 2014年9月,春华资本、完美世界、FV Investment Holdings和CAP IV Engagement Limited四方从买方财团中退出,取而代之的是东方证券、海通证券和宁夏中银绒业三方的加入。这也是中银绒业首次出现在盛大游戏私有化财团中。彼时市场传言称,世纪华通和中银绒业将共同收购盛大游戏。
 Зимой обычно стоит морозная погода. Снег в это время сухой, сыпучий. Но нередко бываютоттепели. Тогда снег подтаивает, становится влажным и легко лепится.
----------
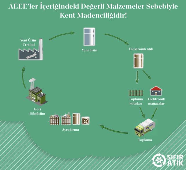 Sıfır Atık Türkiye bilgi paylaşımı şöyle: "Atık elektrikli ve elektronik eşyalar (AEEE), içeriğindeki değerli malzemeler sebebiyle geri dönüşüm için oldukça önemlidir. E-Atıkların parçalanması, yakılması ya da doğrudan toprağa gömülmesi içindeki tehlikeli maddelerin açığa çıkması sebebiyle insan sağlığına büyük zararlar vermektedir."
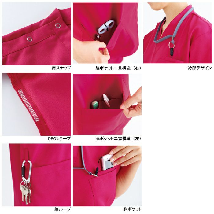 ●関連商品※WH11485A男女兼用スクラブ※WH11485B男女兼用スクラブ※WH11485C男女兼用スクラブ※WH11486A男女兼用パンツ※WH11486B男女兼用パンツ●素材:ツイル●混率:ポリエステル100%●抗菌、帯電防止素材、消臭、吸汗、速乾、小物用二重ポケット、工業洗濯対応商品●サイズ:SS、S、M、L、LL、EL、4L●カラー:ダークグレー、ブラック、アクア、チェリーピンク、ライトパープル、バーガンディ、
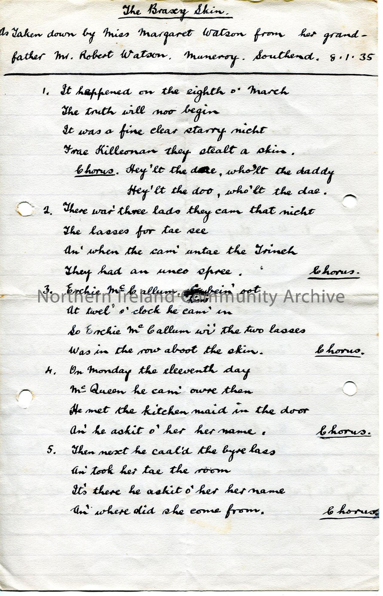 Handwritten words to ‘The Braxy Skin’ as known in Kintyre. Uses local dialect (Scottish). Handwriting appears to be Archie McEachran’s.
----------
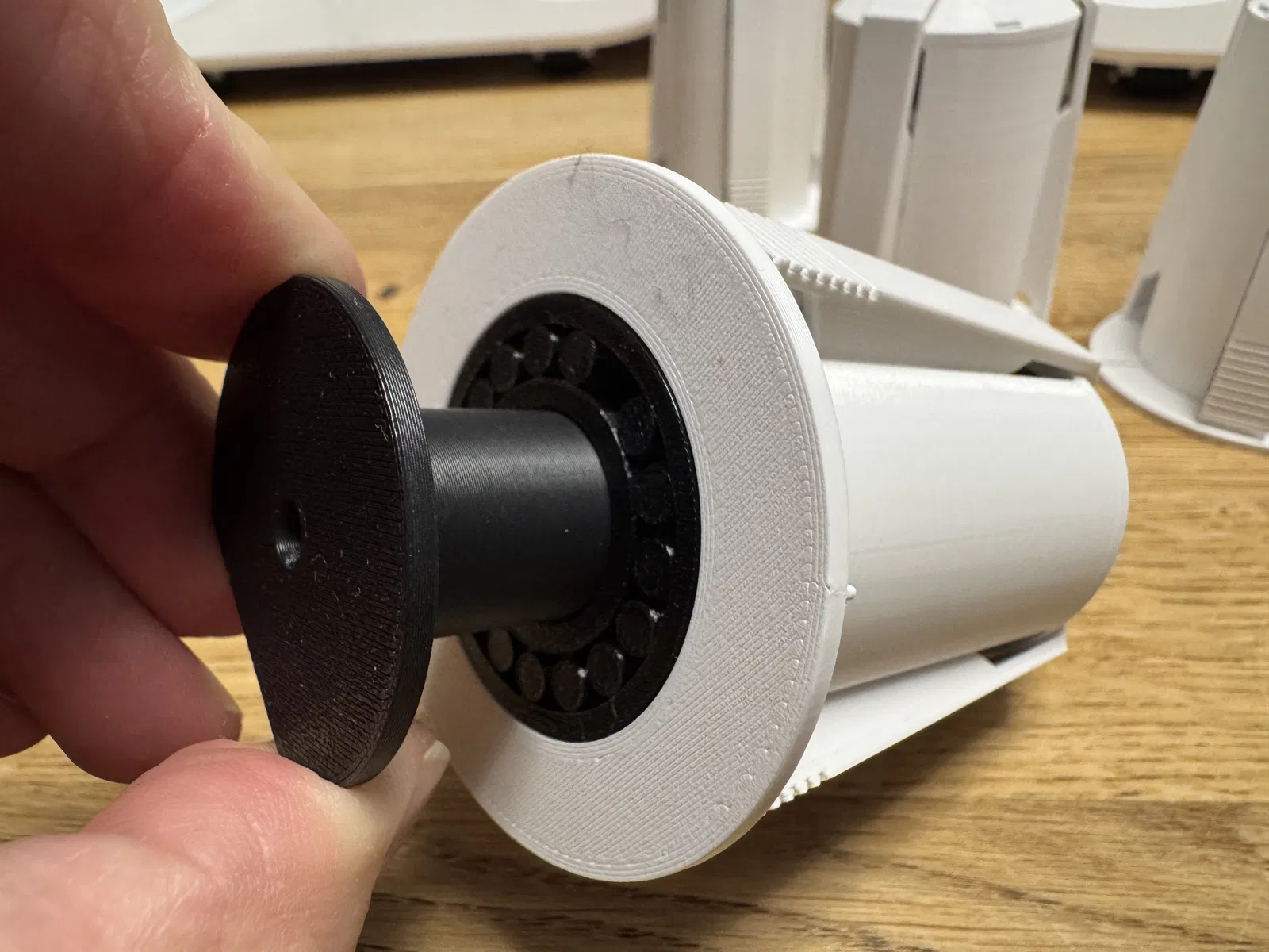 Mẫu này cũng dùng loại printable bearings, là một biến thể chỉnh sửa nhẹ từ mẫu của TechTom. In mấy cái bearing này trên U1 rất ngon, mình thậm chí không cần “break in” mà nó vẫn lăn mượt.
----------
▶ _Instructions for the task_:
If a picture sits between the line containing "Sıfır Atık Türkiye" and the line containing "Handwritten words to", leave it out, and return the lines of that range above exactly, both ends included.

▶ _Your response_:
 Sıfır Atık Türkiye bilgi paylaşımı şöyle: "Atık elektrikli ve elektronik eşyalar (AEEE), içeriğindeki değerli malzemeler sebebiyle geri dönüşüm için oldukça önemlidir. E-Atıkların parçalanması, yakılması ya da doğrudan toprağa gömülmesi içindeki tehlikeli maddelerin açığa çıkması sebebiyle insan sağlığına büyük zararlar vermektedir."
 ●関連商品※WH11485A男女兼用スクラブ※WH11485B男女兼用スクラブ※WH11485C男女兼用スクラブ※WH11486A男女兼用パンツ※WH11486B男女兼用パンツ●素材:ツイル●混率:ポリエステル100%●抗菌、帯電防止素材、消臭、吸汗、速乾、小物用二重ポケット、工業洗濯対応商品●サイズ:SS、S、M、L、LL、EL、4L●カラー:ダークグレー、ブラック、アクア、チェリーピンク、ライトパープル、バーガンディ、
 Handwritten words to ‘The Braxy Skin’ as known in Kintyre. Uses local dialect (Scottish). Handwriting appears to be Archie McEachran’s.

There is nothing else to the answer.